## TASK ITEM
Leaving out every picture, quote the data below exactly as it appears.

--------

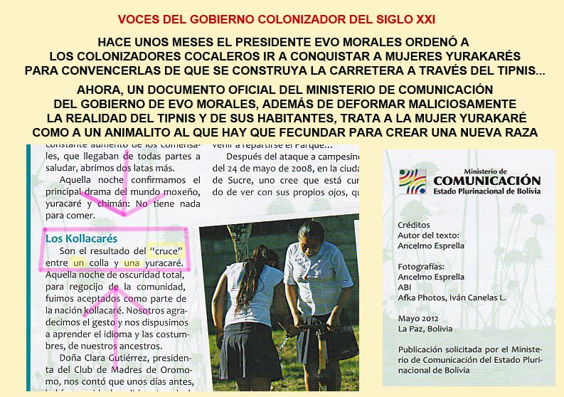 ESCRÍBENOS, APOYA A LA SUBCENTRAL TIPNIS Y A LOS HERMANOS MOXEÑOS, YURAKARÉS Y CHIMANES... PARTICIPA CON FOTOS, DIBUJOS, TEXTOS, INVESTIGACIONES... ¡¡¡Todo será bienvenido!!! ¡FORMA PARTE DE ESTA CAMPAÑA EN DEFENSA DE LA VIDA! CONTACTOS: [email protected]
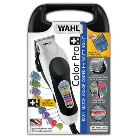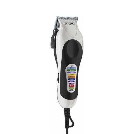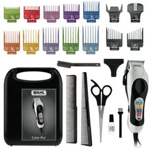 The Wahl Color Pro 23 Piece Hair Clipper Kit is ideal for a full range of professional family cuts in your own home. The PowerDrive motor has a heavy duty rating and will do the job, no matter the hair type. The colour coded guide combs correspond to the colour guide on the clipper, making it easier to give your family their favourite cut every time. Get your children involved by teaching them which colour guide gives them their best cut. This ergonomically designed clipper has a soft touch grip making it attractive, easy to use, quiet and powerful. The color pro kit is comprehensive for a variety of cuts & styles. The adjustable taper lever makes blending easy and the 14 guide combs give you a wide variety of cutting lengths. Everything can be neatly and safely stored away in the hard cover storage case.
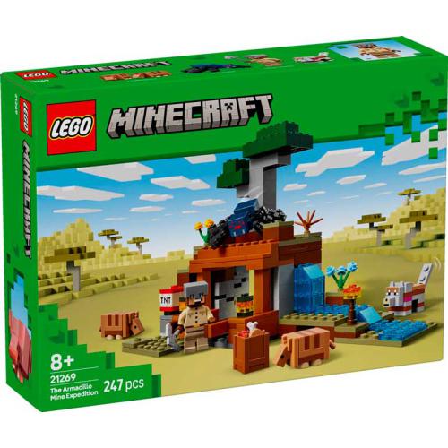 A Expedição na Mina do Armadilho é um set LEGO Minecraft para crianças com mais de 8 anos que recria aventuras no bioma da savana com exploração e ação. Inclui uma mina com função de TNT acionada por alavanca, revelando minérios escondidos. Conta com figuras como aranha da gruta, lobo e dois armadilhos, além de elementos como rio e cascata de lava. É um set interativo e versátil, ideal para brincadeiras criativas e fãs de Minecraft.
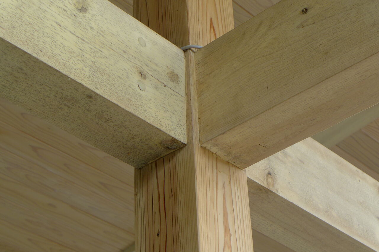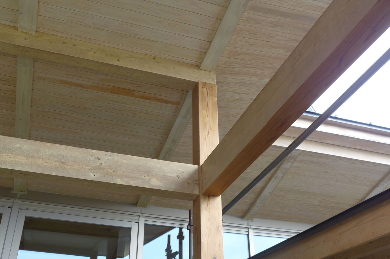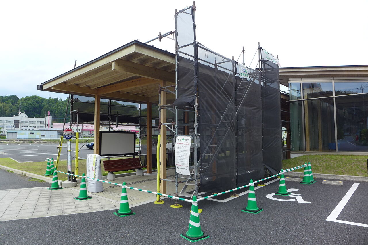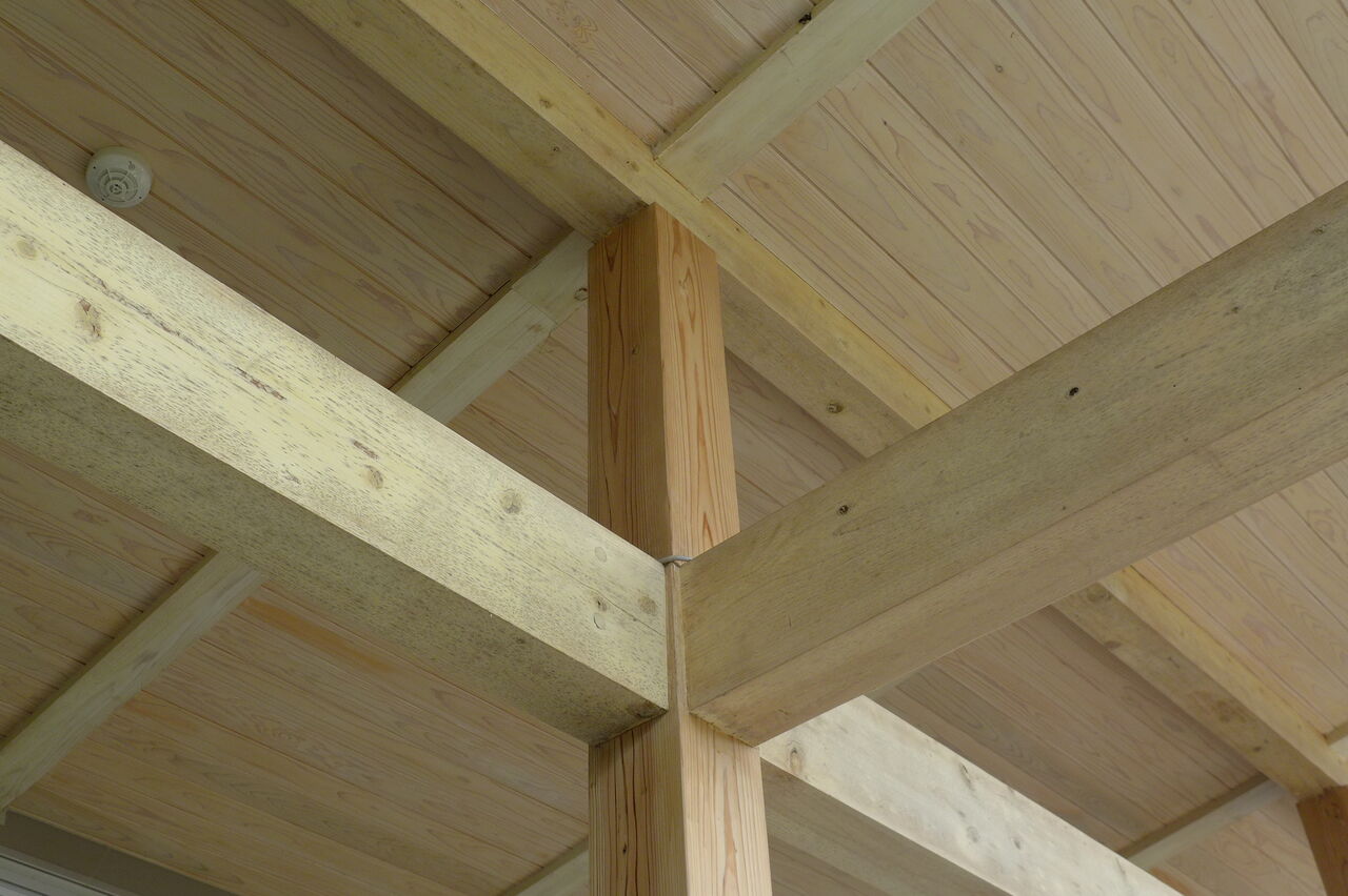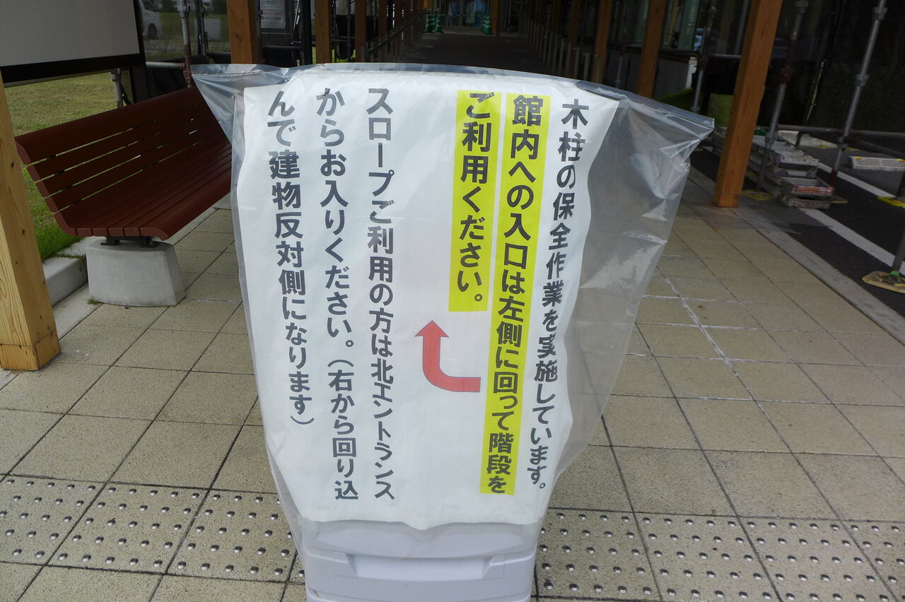 2023年5月22日、竹田市総合文化ホール〈グランツたけた〉玄関キャノピー木造柱の保全作業工事(開館5年め)
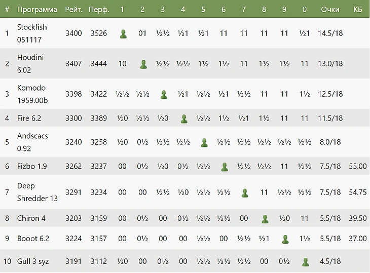 Хотя в турнире участвовали сразу 10 сильнейших программ, основное внимание приковывала "большая тройка" движков: Stockfish, Komodo и Houdini, которых считают самыми сильными программами всех времен.
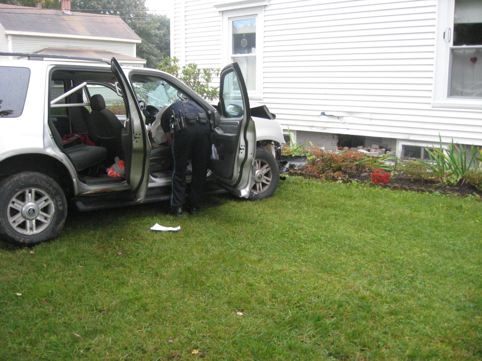 Police searched a vehicle after a driver apparently lost control of an SUV mid-afternoon on Tuesday in Westbrook and struck a house at 127 Brown St.
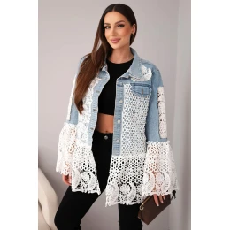 Dámská džínová bunda z bavlny a krajkovým vzorem světle džínová
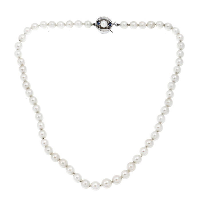 composto da un filo di perle giapponesi del diam di mm 6 e 6,5. Chiusura in oro bianco con perla e due zaffiri taglio rotondo

--------

## RESPONSE TO THE TASK
 ESCRÍBENOS, APOYA A LA SUBCENTRAL TIPNIS Y A LOS HERMANOS MOXEÑOS, YURAKARÉS Y CHIMANES... PARTICIPA CON FOTOS, DIBUJOS, TEXTOS, INVESTIGACIONES... ¡¡¡Todo será bienvenido!!! ¡FORMA PARTE DE ESTA CAMPAÑA EN DEFENSA DE LA VIDA! CONTACTOS: [email protected]
 The Wahl Color Pro 23 Piece Hair Clipper Kit is ideal for a full range of professional family cuts in your own home. The PowerDrive motor has a heavy duty rating and will do the job, no matter the hair type. The colour coded guide combs correspond to the colour guide on the clipper, making it easier to give your family their favourite cut every time. Get your children involved by teaching them which colour guide gives them their best cut. This ergonomically designed clipper has a soft touch grip making it attractive, easy to use, quiet and powerful. The color pro kit is comprehensive for a variety of cuts & styles. The adjustable taper lever makes blending easy and the 14 guide combs give you a wide variety of cutting lengths. Everything can be neatly and safely stored away in the hard cover storage case.
 A Expedição na Mina do Armadilho é um set LEGO Minecraft para crianças com mais de 8 anos que recria aventuras no bioma da savana com exploração e ação. Inclui uma mina com função de TNT acionada por alavanca, revelando minérios escondidos. Conta com figuras como aranha da gruta, lobo e dois armadilhos, além de elementos como rio e cascata de lava. É um set interativo e versátil, ideal para brincadeiras criativas e fãs de Minecraft.
 2023年5月22日、竹田市総合文化ホール〈グランツたけた〉玄関キャノピー木造柱の保全作業工事(開館5年め)
 Хотя в турнире участвовали сразу 10 сильнейших программ, основное внимание приковывала "большая тройка" движков: Stockfish, Komodo и Houdini, которых считают самыми сильными программами всех времен.
 Police searched a vehicle after a driver apparently lost control of an SUV mid-afternoon on Tuesday in Westbrook and struck a house at 127 Brown St.
 Dámská džínová bunda z bavlny a krajkovým vzorem světle džínová
 composto da un filo di perle giapponesi del diam di mm 6 e 6,5. Chiusura in oro bianco con perla e due zaffiri taglio rotondo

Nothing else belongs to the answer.